CAN 2025 : Hafid Derradji dénonce le « boycott numérique » de la CAF et de la FIFA envers le Sénégal

Près d’une semaine après la victoire finale du Sénégal, le célèbre commentateur algérien d’Al Jazeera s’étonne de l’absence de félicitations officielles sur les plateformes numériques des instances dirigeantes du football. Un mutisme qu’il juge inédit et « étrange » au regard de l’histoire de la compétition.
Par Abdallah
Un silence qui interroge
Pour Hafid Derradji, le contraste est saisissant entre la ferveur mondiale et la froideur administrative des instances :
- Un précédent historique : D’ordinaire, la FIFA et la CAF inondent leurs réseaux sociaux et leurs sites officiels d’images du vainqueur, d’articles de célébration et de messages de félicitations immédiats.

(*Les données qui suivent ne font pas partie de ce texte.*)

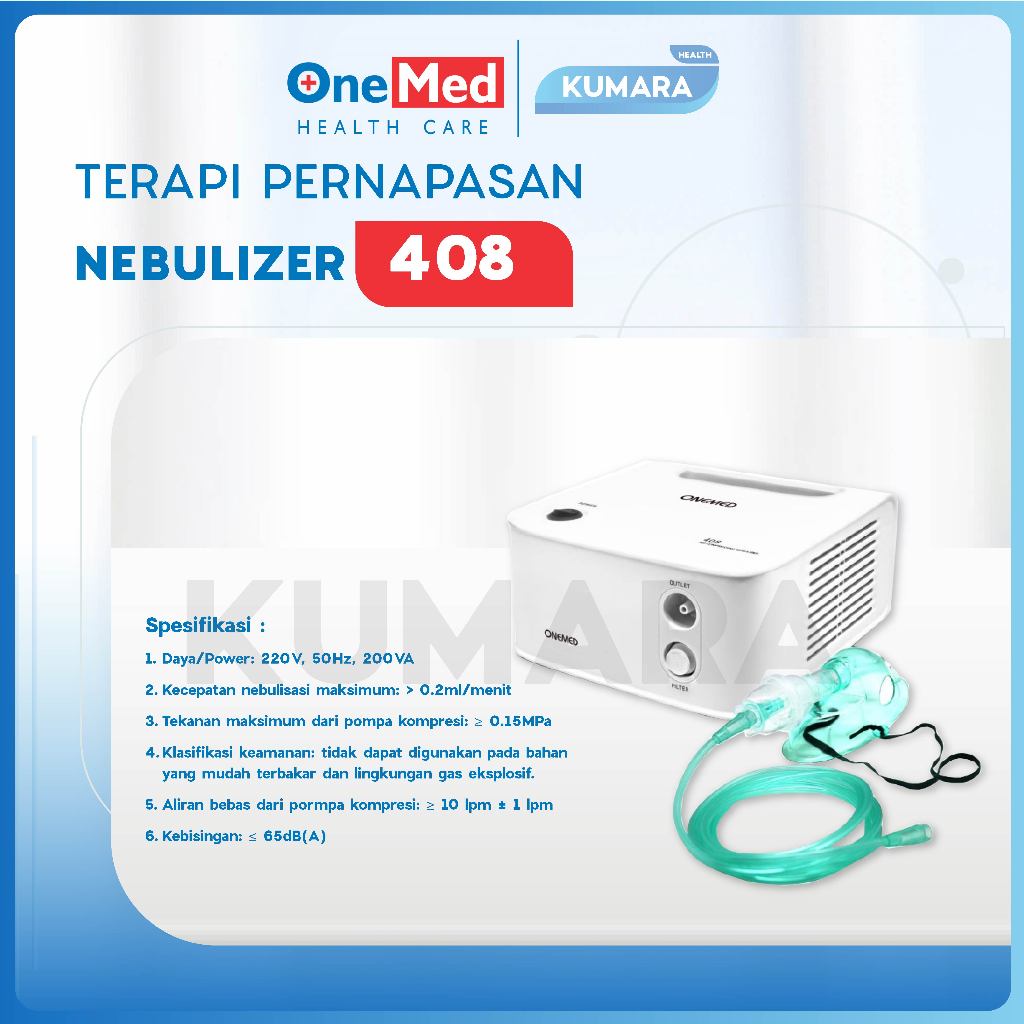 ONEMED – Nebulizer 408 / Air Compressing Nebulizer Spesifikasi : 1. Daya/Power: 220V, 50Hz, 200VA 2. Kecepatan nebulisasi maksimum: > 0.2ml/menit 3. Tekanan maksimum dari pompa kompresi: ≥ 0.15MPa 4. Klasifikasi keamanan: tidak dapat digunakan pada bahan yang mudah terbakar dan lingkungan gas eksplosif. 5. Aliran bebas dari pormpa kompresi: ≥ 10 lpm ± 1 lpm 6. Kebisingan: ≤ 65dB(A) Asesoris Kuantitas : – Unit Utama 1 unit – Nebulizer Kit 1 set (air tube, nebulizer bottle, masker dewasa, masker anak) – Kabel Power 1 pcs – Air Filter 2 pcs – Buku Panduan 1 pcs – Kartu Garansi 1 pcs Untuk pengajuan komplain wajib menyertakan video unboxing paket. Semua produk yang telah dibeli tidak dapat di retur, karena resiko kemasan rusak akibat kesalahan kurir pada saat pengiriman paket. Pastikan produk yang dipesan sudah benar dan sesuai pada saat transaksi. Happy Shopping Sahabat Sehat Keluarga !!

- Le constat : Sept jours après le sacre, les portails web de la CAF et de la FIFA resteraient muets ou particulièrement discrets sur le triomphe sénégalais.
- Le tacle : Derradji suggère que ce silence ne pourra pas effacer la réalité du terrain : « Le monde entier a félicité le Sénégal, et l’histoire ne l’oubliera pas ».
Pourquoi un tel mutisme ?
Si les instances n’ont pas encore officiellement répondu à cette polémique, plusieurs observateurs évoquent des pistes pour expliquer ce malaise :
- L’arbitrage contesté : Les nombreuses polémiques liées à la VAR et aux décisions arbitrales durant la finale pourraient gêner la communication des instances.
- Tensions protocolaires : Les incidents rapportés lors de la remise du trophée (notamment autour de la figure du Prince Moulay Rachid) pourraient avoir créé un froid diplomatique.
- Gestion de crise : La CAF pourrait attendre de traiter les éventuels rapports de match et plaintes avant de lancer sa communication de célébration.
Le point sur la polémique (Janvier 2026)
| Source de la critique | Cibles visées | Motif du grief |
| Hafid Derradji | CAF & FIFA | Absence de félicitations officielles sur leurs sites web. |
| Remy Ngono | Instances sportives | Relais de l’information via « Arrêt sur Images ». |
| Sentiment général | Gouvernance du football | Soupçon de traitement de faveur ou de rancœur institutionnelle. |
L’écho de Remy Ngono
Le relais de cette information par Remy Ngono n’est pas anodin. Connu pour son franc-parler et ses critiques acerbes contre la gestion du football africain, le journaliste de RFI amplifie un sentiment d’injustice ressenti à Dakar. Pour beaucoup, ce silence institutionnel ne fait que renforcer la légitimité d’une victoire acquise dans l’adversité.
Il est rarissime qu’une finale de CAN ne soit pas suivie d’une campagne de communication massive de la part de la CAF. Si ce silence persiste, il pourrait alimenter durablement la thèse d’une « fracture » entre le Sénégal et les instances dirigeantes, d’autant plus après une compétition marquée par des tensions sportives et extra-sportives entre les nations phares du continent.